**What you are asked to do**. Word for word, print out all of the data, omitting every image.

**The records**.
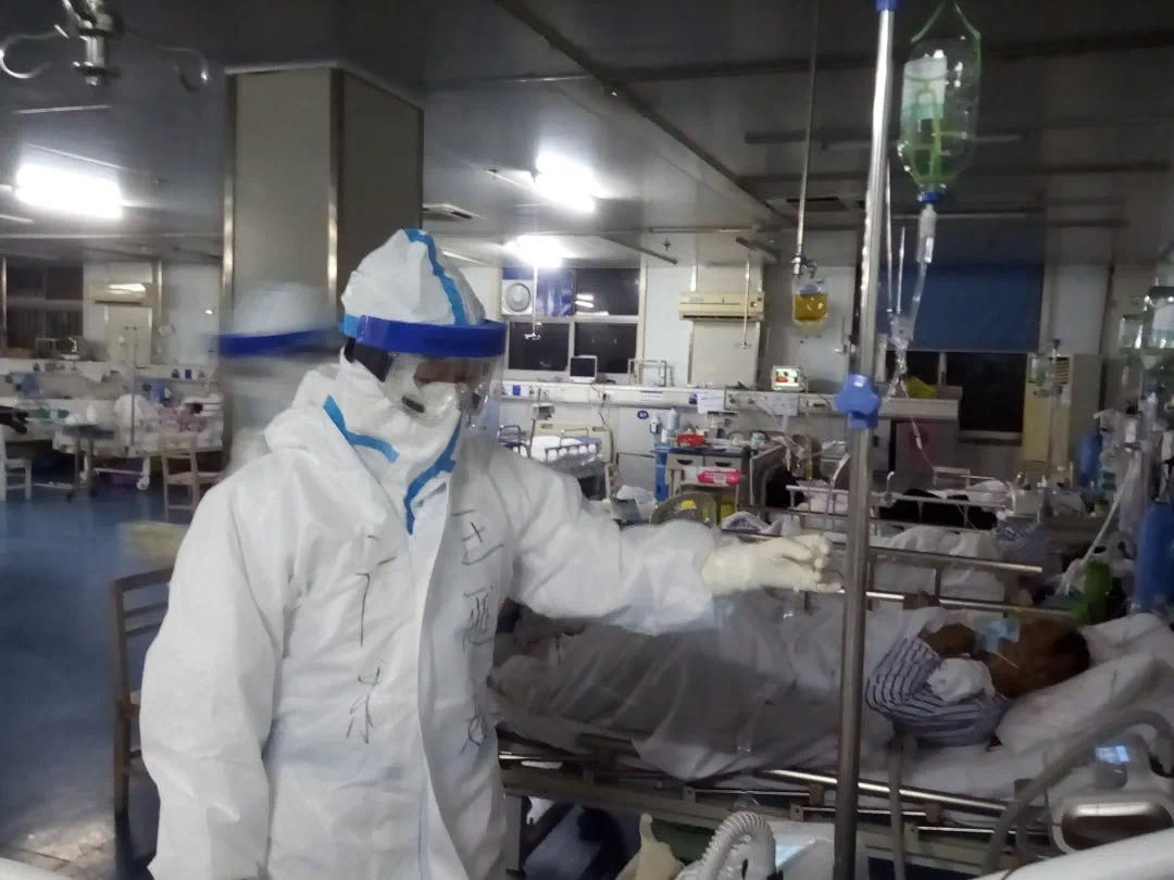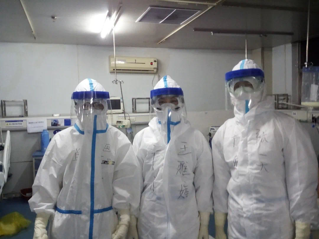 剛開(kāi)始,我小心地保持著與患者的距離,一個(gè)、兩個(gè)、三個(gè)……隨著接觸的患者增加,我慢慢也放松了,開(kāi)始進(jìn)入狀態(tài)。在病房?jī)?nèi),我詢問(wèn)病人情況,解釋病情,提醒住院醫(yī)師做好查房記錄,探討用藥情況,傳達(dá)鐘南山院士的最新診療方案、第六版治療指南……終于找到支援隊(duì)專家的感覺(jué)了。憋氣、悶熱,似乎都來(lái)不及體會(huì),突然后背一涼,怎么有水滴下來(lái)了?難道是防護(hù)衣破了?心頭一緊,再仔細(xì)感覺(jué),原來(lái)是汗水在里面流淌,虛驚一場(chǎng)。
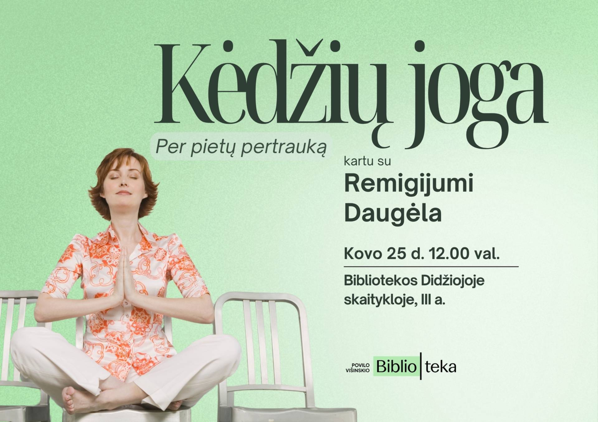 Kovo 25 d. 12.00 val. Povilo Višinskio bibliotekos Didžiojoje skaitykloje vyks kėdžių jogos užsiėmimas su Remigijumi Daugėla.
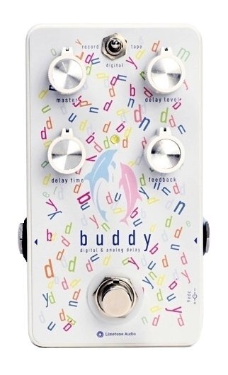 入力信号のダイナミクス、レスポンスをそのまま伝える新しいコンセプトのディレイペダル。 一般的なデジタルディレイは入力した信号を内部でデジタル信号に変換してディレイ音を付加し、最後にアナログ信号に戻して出力します。 Limetone Audioのbuddyは、入力されたドライ音をアナログ信号のまま扱い、デジタルで生成したディレイ音を内部の高品質ミキサー回路でアナログミックスして出力します。これにより、原音の音質やニュアンスを変化させること無く出力することが可能です。 歪みエフェクターと組み合わせた場合も、その歪みエフェクターが生み出すニュアンスをそのまま伝えることができ、サウンドの変化を最低限にしたサウンドメイクが可能です。 ディレイの音色はデジタル(digital)、アナログ(tape、record)から選択出来ます。 アナログディレイは、ディレイ音のピッチの変化が発生しないアナログディレイサウンドです。 masterつまみを搭載しており、ONにすることによって全体の音量をブースト・カットすることが可能です。ディレイとブースターを同時にオンにするようなシチュエーションにおいて、buddy1台でそれが実現できます。delay levelをゼロにするとブースターとしても使用できます。 ※buddyのアナログディレイサウンドは、一部デジタル回路を使用して生成しています。 接続端子:Input、Output、DC9V In 付属品:取扱説明書、保証書 外寸:幅(W)65 mm、奥行き(D)110 mm、高さ(H)52 mm 重量:253g 入力インピーダンス:1MΩ 出力インピーダンス:12.5kΩ以下 消費電流:約80mA |
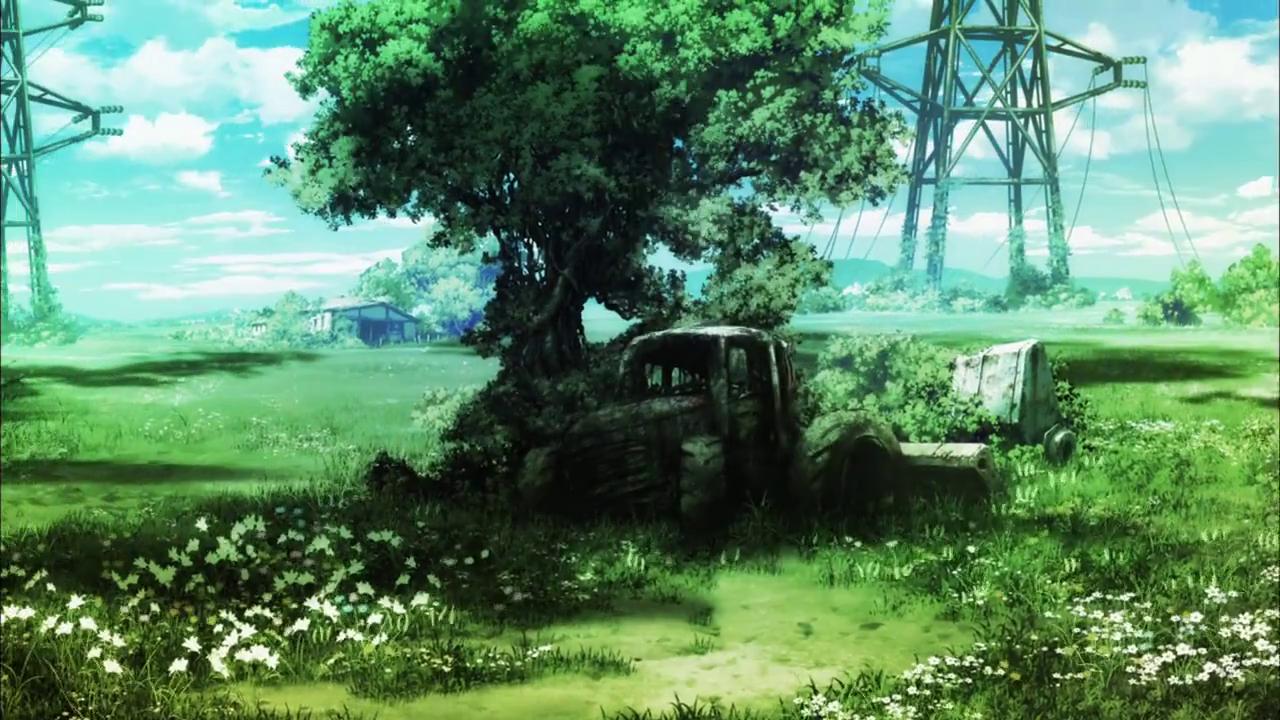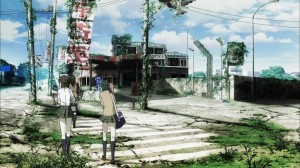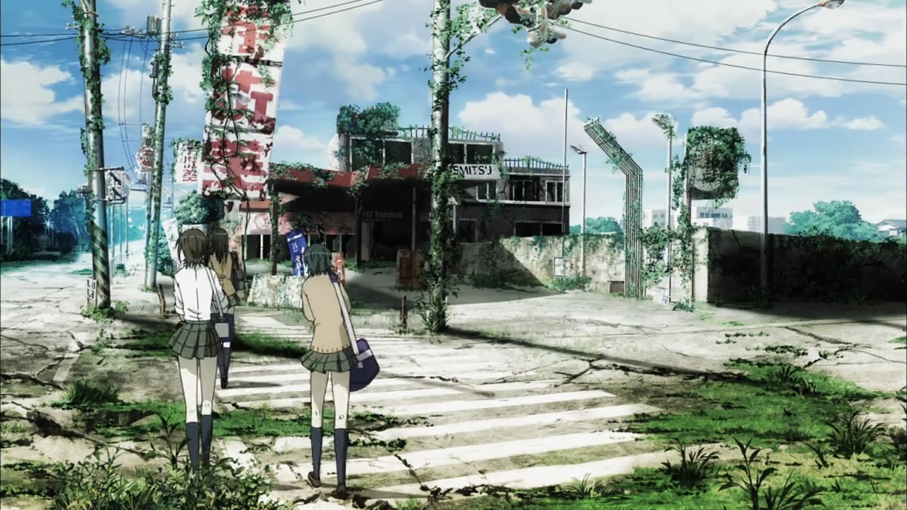 Aldilà delle tre ragazze in divisa scolastica, le tre protagoniste di questa vicenda, figure che sono oramai un appeal quasi necessario nell’animazione giapponese (con lunghe e ampie inquadrature delle loro gambe e gonne mosse dal vento; ma di mutande non se ne vedono; vi ricordo che Suzuki ha firmato anche Seitokai Yakuindomo), Coppelion è un anime che consiglio per la sua capacità di trasportarvi in un’esperienza “visiva” particolarmente affascinante: la caratteristica che rende questo anime “bello da vedere” sono i fondali, gli ambienti, i palazzi decadenti coperti di vegetazione. Una città rovinosa, in cui non ci sono forme di vita (umana) e in cui gli effetti dell’abbandono sono visibilissimi, bellissimi, al punto che in alcuni punti ho messo in pausa per osservarli per bene. Se vi affascina l’urbanistica, la costruzione di scenari e ambienti Coppelion è qualcosa che potreste decisamente gradire, indipendentemente dalla trama. Unica vera pecca che ho notato, ma legata soprattutto a quelli che sono i miei gusti personali, è l’eccessivo risalto che viene dato alle figure umane per creare il contrasto (soprattutto quando le animazioni si fanno elaborate) attraverso l’uso di spessi bordi neri, che fortunatamente vengono meno nei primi piani. Una scelta tecnica inevitabile, poichè animare figure umane sotto fondali di questo genere è indubbiamente un’operazione che necessita una grande cura, e per fortuna, nonostante questo risalto, il risultato finale non è poi tanto male.
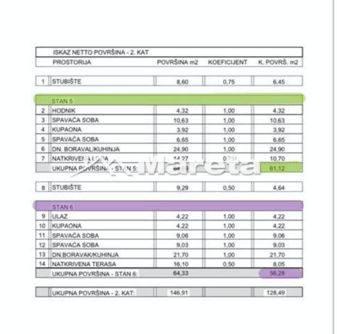 Apartman S5 dvosoban površine 61,12 m2 - cijena: 168.080 Eur
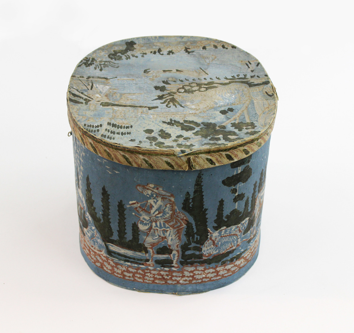 Bandbox lined with white paper and covered with blue paper with shepherds, sheep, and cows in white, green, and red. The top has a paper of same colors but is printed with a harbor scene with buildings, boats, and a large antlered animal lying among bales. Top has green, pink, and white border printed on yellow ground.
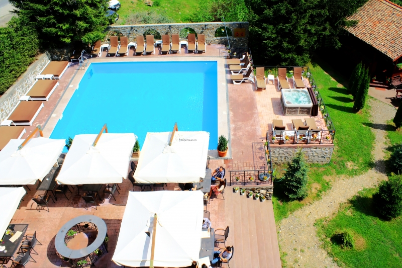 Piscina este cu circuit deschis. Pensiunea dispune si de o sauna cu o capacitate de 6 locuri.
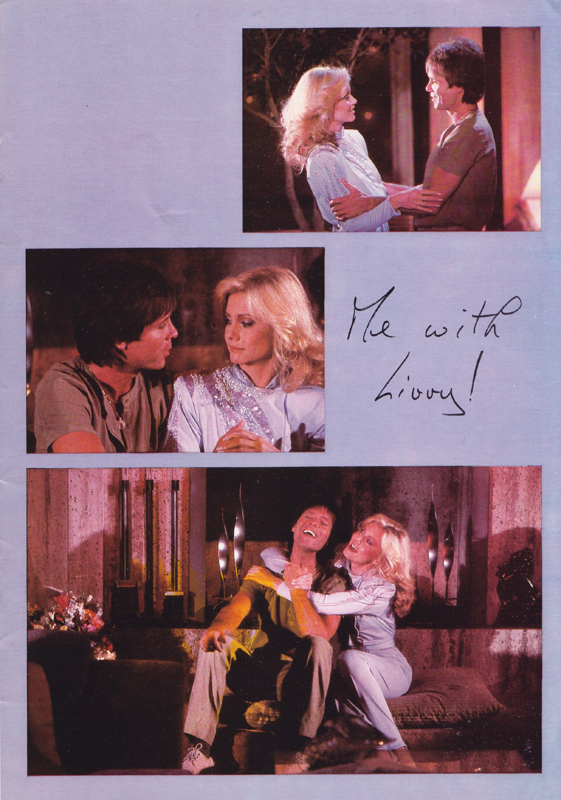 In February/March I toured South Africa[...] Frome South Africa I flew to Los Angeles, where I appeared in Olivia Newton-John's TV show Hollywood Nights. After that Olivia and I recorded "Suddenly" for her LP Xanadu. As you know I have always enjoyed signing with Olivia, and it was simply wonderful to meet up with her again.
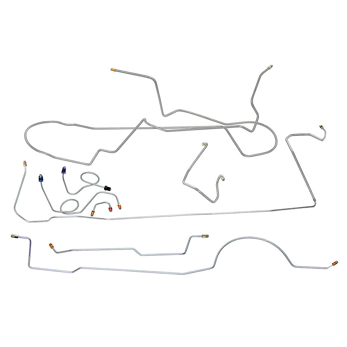 This preformed complete brake line kit will replace all the metal brake lines on your vehicle and includes the master cylinder lines, left front line and right-front crossover line, intermediate lines, and rear axle lines/trailing arm lines.
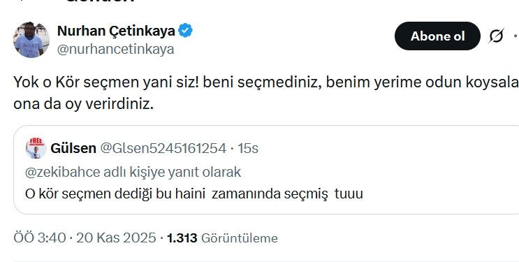 CHP’li bir takipçisinin “O kör seçmen dediği bu zamanında seçmiş” eleştirisine de farklı bir paylaşımında cevap veren Çetinkaya, “Yok o kör seçmen yani siz beni seçmediniz, benim yerime odun koysalar ona da oy verirdiniz.” dedi.
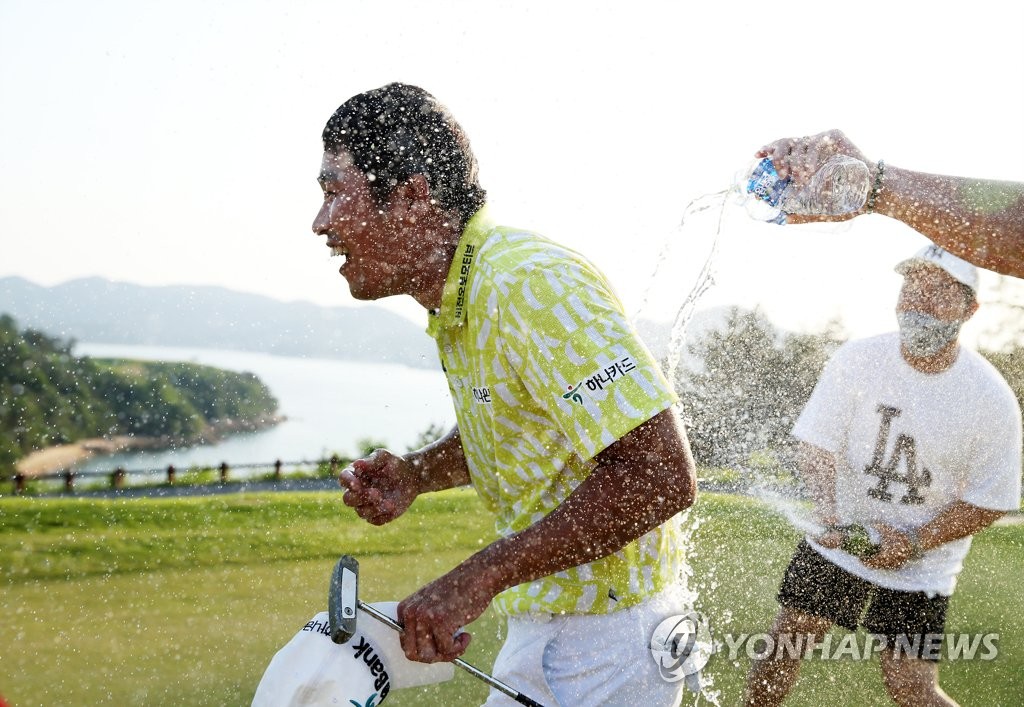 | ▲ 우승 축하 받는 박은신 (서울=연합뉴스) 박은신이 한국프로골프(KPGA) 코리안투어 유일의 매치플레이 대회에서 데뷔 13년 만에 첫 우승의 꿈을 이뤘다. 박은신은 22일 경남 거제 드비치 골프클럽에서 열린 KPGA 코리안투어 제12회 데상트코리아 먼싱웨어 매치플레이 결승전에서 연장 접전 끝에 김민준을 꺾고 '매치킹'에 올랐다. 2022.5.22 [KPGA 제공. 재판매 및 DB금지] photo@yna.co.kr |
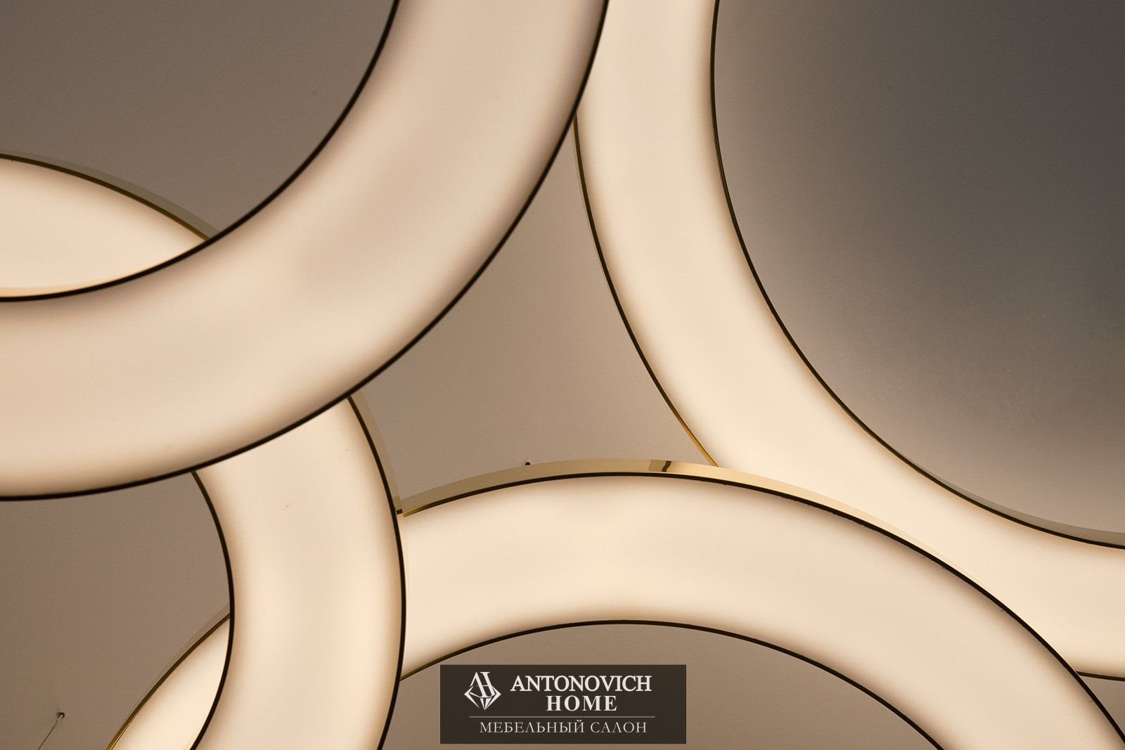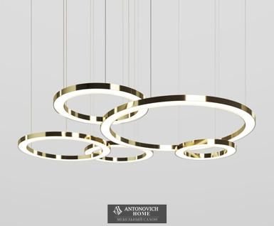 Доступны индивидуальные варианты, диаметр колец от 50 до 120 см. Встроенное светодиодное освещение. Доступны полированный и матовый металл или порошковое покрытие.

**Answer space**.
 剛開(kāi)始,我小心地保持著與患者的距離,一個(gè)、兩個(gè)、三個(gè)……隨著接觸的患者增加,我慢慢也放松了,開(kāi)始進(jìn)入狀態(tài)。在病房?jī)?nèi),我詢問(wèn)病人情況,解釋病情,提醒住院醫(yī)師做好查房記錄,探討用藥情況,傳達(dá)鐘南山院士的最新診療方案、第六版治療指南……終于找到支援隊(duì)專家的感覺(jué)了。憋氣、悶熱,似乎都來(lái)不及體會(huì),突然后背一涼,怎么有水滴下來(lái)了?難道是防護(hù)衣破了?心頭一緊,再仔細(xì)感覺(jué),原來(lái)是汗水在里面流淌,虛驚一場(chǎng)。
 Kovo 25 d. 12.00 val. Povilo Višinskio bibliotekos Didžiojoje skaitykloje vyks kėdžių jogos užsiėmimas su Remigijumi Daugėla.
 入力信号のダイナミクス、レスポンスをそのまま伝える新しいコンセプトのディレイペダル。 一般的なデジタルディレイは入力した信号を内部でデジタル信号に変換してディレイ音を付加し、最後にアナログ信号に戻して出力します。 Limetone Audioのbuddyは、入力されたドライ音をアナログ信号のまま扱い、デジタルで生成したディレイ音を内部の高品質ミキサー回路でアナログミックスして出力します。これにより、原音の音質やニュアンスを変化させること無く出力することが可能です。 歪みエフェクターと組み合わせた場合も、その歪みエフェクターが生み出すニュアンスをそのまま伝えることができ、サウンドの変化を最低限にしたサウンドメイクが可能です。 ディレイの音色はデジタル(digital)、アナログ(tape、record)から選択出来ます。 アナログディレイは、ディレイ音のピッチの変化が発生しないアナログディレイサウンドです。 masterつまみを搭載しており、ONにすることによって全体の音量をブースト・カットすることが可能です。ディレイとブースターを同時にオンにするようなシチュエーションにおいて、buddy1台でそれが実現できます。delay levelをゼロにするとブースターとしても使用できます。 ※buddyのアナログディレイサウンドは、一部デジタル回路を使用して生成しています。 接続端子:Input、Output、DC9V In 付属品:取扱説明書、保証書 外寸:幅(W)65 mm、奥行き(D)110 mm、高さ(H)52 mm 重量:253g 入力インピーダンス:1MΩ 出力インピーダンス:12.5kΩ以下 消費電流:約80mA |
 Aldilà delle tre ragazze in divisa scolastica, le tre protagoniste di questa vicenda, figure che sono oramai un appeal quasi necessario nell’animazione giapponese (con lunghe e ampie inquadrature delle loro gambe e gonne mosse dal vento; ma di mutande non se ne vedono; vi ricordo che Suzuki ha firmato anche Seitokai Yakuindomo), Coppelion è un anime che consiglio per la sua capacità di trasportarvi in un’esperienza “visiva” particolarmente affascinante: la caratteristica che rende questo anime “bello da vedere” sono i fondali, gli ambienti, i palazzi decadenti coperti di vegetazione. Una città rovinosa, in cui non ci sono forme di vita (umana) e in cui gli effetti dell’abbandono sono visibilissimi, bellissimi, al punto che in alcuni punti ho messo in pausa per osservarli per bene. Se vi affascina l’urbanistica, la costruzione di scenari e ambienti Coppelion è qualcosa che potreste decisamente gradire, indipendentemente dalla trama. Unica vera pecca che ho notato, ma legata soprattutto a quelli che sono i miei gusti personali, è l’eccessivo risalto che viene dato alle figure umane per creare il contrasto (soprattutto quando le animazioni si fanno elaborate) attraverso l’uso di spessi bordi neri, che fortunatamente vengono meno nei primi piani. Una scelta tecnica inevitabile, poichè animare figure umane sotto fondali di questo genere è indubbiamente un’operazione che necessita una grande cura, e per fortuna, nonostante questo risalto, il risultato finale non è poi tanto male.
 Apartman S5 dvosoban površine 61,12 m2 - cijena: 168.080 Eur
 Bandbox lined with white paper and covered with blue paper with shepherds, sheep, and cows in white, green, and red. The top has a paper of same colors but is printed with a harbor scene with buildings, boats, and a large antlered animal lying among bales. Top has green, pink, and white border printed on yellow ground.
 Piscina este cu circuit deschis. Pensiunea dispune si de o sauna cu o capacitate de 6 locuri.
 In February/March I toured South Africa[...] Frome South Africa I flew to Los Angeles, where I appeared in Olivia Newton-John's TV show Hollywood Nights. After that Olivia and I recorded "Suddenly" for her LP Xanadu. As you know I have always enjoyed signing with Olivia, and it was simply wonderful to meet up with her again.
 This preformed complete brake line kit will replace all the metal brake lines on your vehicle and includes the master cylinder lines, left front line and right-front crossover line, intermediate lines, and rear axle lines/trailing arm lines.
 CHP’li bir takipçisinin “O kör seçmen dediği bu zamanında seçmiş” eleştirisine de farklı bir paylaşımında cevap veren Çetinkaya, “Yok o kör seçmen yani siz beni seçmediniz, benim yerime odun koysalar ona da oy verirdiniz.” dedi.
 | ▲ 우승 축하 받는 박은신 (서울=연합뉴스) 박은신이 한국프로골프(KPGA) 코리안투어 유일의 매치플레이 대회에서 데뷔 13년 만에 첫 우승의 꿈을 이뤘다. 박은신은 22일 경남 거제 드비치 골프클럽에서 열린 KPGA 코리안투어 제12회 데상트코리아 먼싱웨어 매치플레이 결승전에서 연장 접전 끝에 김민준을 꺾고 '매치킹'에 올랐다. 2022.5.22 [KPGA 제공. 재판매 및 DB금지] photo@yna.co.kr |
 Доступны индивидуальные варианты, диаметр колец от 50 до 120 см. Встроенное светодиодное освещение. Доступны полированный и матовый металл или порошковое покрытие.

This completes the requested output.